# Any hope for these ears.



## m1953

Nala is nine months next week. I am starting to lose all hope. Just retaped yesterday. They have been taped or glued with forms since mid September.


----------



## GatorDog

I'm sorry I can't help, but I just wanted to say that she is probably the cutest floppy eared girl I have ever seen.


----------



## m1953

GatorDog said:


> I'm sorry I can't help, but I just wanted to say that she is probably the cutest floppy eared girl I have ever seen.


Thanks


----------



## VanBuren shepherds

Don't give up! Sometimes it takes up to a year or longer for the ears to come up all the way. I have a male with the exact same problem. Persistence is the key, but when they are past 7 months it is a lot harder. Maybe she's just a late developer. If not and the ears stay like that, you still have a very beautiful German Shepherd. I just glued my pups ears again today. It's time consuming and frustrating at times, but if it works I will be very pleased. I have had a GSD who's ears came up past nine months and they were very strong ears after that. Yes, I did glue them also. It does work sometimes! Were her ears ever up? If so they will most Likely come up again. 


Sent from my iPhone using Petguide.com Free App


----------



## m1953

VanBuren shepherds said:


> Don't give up! Sometimes it takes up to a year or longer for the ears to come up all the way. I have a male with the exact same problem. Persistence is the key, but when they are past 7 months it is a lot harder. Maybe she's just a late developer.
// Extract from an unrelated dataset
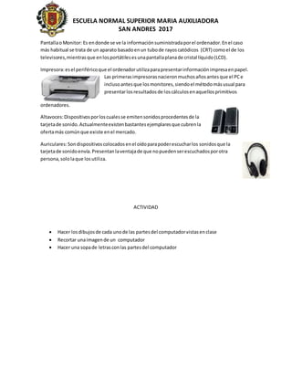 Este documento describe los principales dispositivos de entrada y salida de un computador. Entre los dispositivos de entrada se encuentran el teclado, el ratón, el micrófono, el scanner y la webcam, los cuales permiten introducir datos, comandos y programas en la CPU. Los dispositivos de salida mencionados son el monitor, la impresora, los altavoces y los auriculares, a través de los cuales se muestra e imprime la información procesada. Finalmente, el documento propone algunas actividades para reconocer estas partes del computador

If not and the ears stay like that, you still have a very beautiful German Shepherd. I just glued my pups ears again today. It's time consuming and frustrating at times, but if it works I will be very pleased. I have had a GSD who's ears came up past nine months and they were very strong ears after that. Yes, I did glue them also. It does work sometimes! Were her ears ever up? If so they will most Likely come up again.
> 
> 
> Sent from my iPhone using Petguide.com Free App


Thanks very much. I appreciate the input. They have been up only for very brief times and rarely both at the same time. They have either had the glue in ear forms or taped since just before she was six months old in September.. When the forms or tape came undone they would stay up a few days and flop again. They where just retaped yesterday after falling out earlier in the week.


----------



## VanBuren shepherds

Here's a picture of my 8 month old male. Foam inserts glued in the ear. I'm having the same trouble you are right now. When the ears come down they look just like your picture. The problem with mine is I have an 8 month old female also and they both pull on each others ears. I think I might have to separate them until the ears are strong enough to stand with out assistance. He's a Showline from west Germany and she's a working line from Czech blood lines. Two different types of ears and both having trouble due too the excessive playing with the ears.


----------



## m1953

He is a great looking dog. I will keep Nala's taped up for a few more months if needed. The tape doesn't seem to bother her. I may order another set of forms because they are easier to glue in than taping. I am just frustrated because I paid show quality prices for Nala. Will keep my fingers crossed for you. Let me know how it goes and I will do the same.


----------



## VanBuren shepherds

Will do!


----------



## FirstTimeGSD

If you paid show quality prices, your breeder should have had an ear guarantee.


----------



## julie87

She is only 9 months not even past a year, and like you said they were up before and they stood up for a few days after taping, Im 95% they will be up, just make sure you are doing the taping/gluing correctely, because if you aren't you can do more damage than good, my pup is 7 months and her ears went down after spay now I am in the same boat as you are. They come up very rarely but I am pretty sure that if you do the taping right and she has the right genes your dog will be fine. I was just at the dog park yesterday and 2 people told me that their GSD's ears came up around 1 year old so you have a lot of hope. She is VERY pretty. Good luck.


----------



## marshies

Cutie! Has your breeder offered support in any form? Many will tape/glue for you.


----------



## qbchottu

Try bully sticks, raw trachea, ligament, anything with lots of chondroitin and cartilage to help the ears. But I think these ears will not go up. I have said it before, but if you paid for show pup, you should have a conversation with the breeder about the condition of her ears. She cannot show or breed with those ears.


----------



## m1953

My contact says I can return her for another pup, but that is never going to happen. I couldn't return her in a million years. I contacted him a few times, and he told me don't worry they will go up. 
The trainer I use who was a breeder for many years is taping them for me so I am fairly confident in her that she knows what she is doing..
Thanks everyone for your input.


----------



## m1953

qbchottu said:


> Try bully sticks, raw trachea, ligament, anything with lots of chondroitin and cartilage to help the ears. But I think these ears will not go up. I have said it before, but if you paid for show pup, you should have a conversation with the breeder about the condition of her ears. She cannot show or breed with those ears.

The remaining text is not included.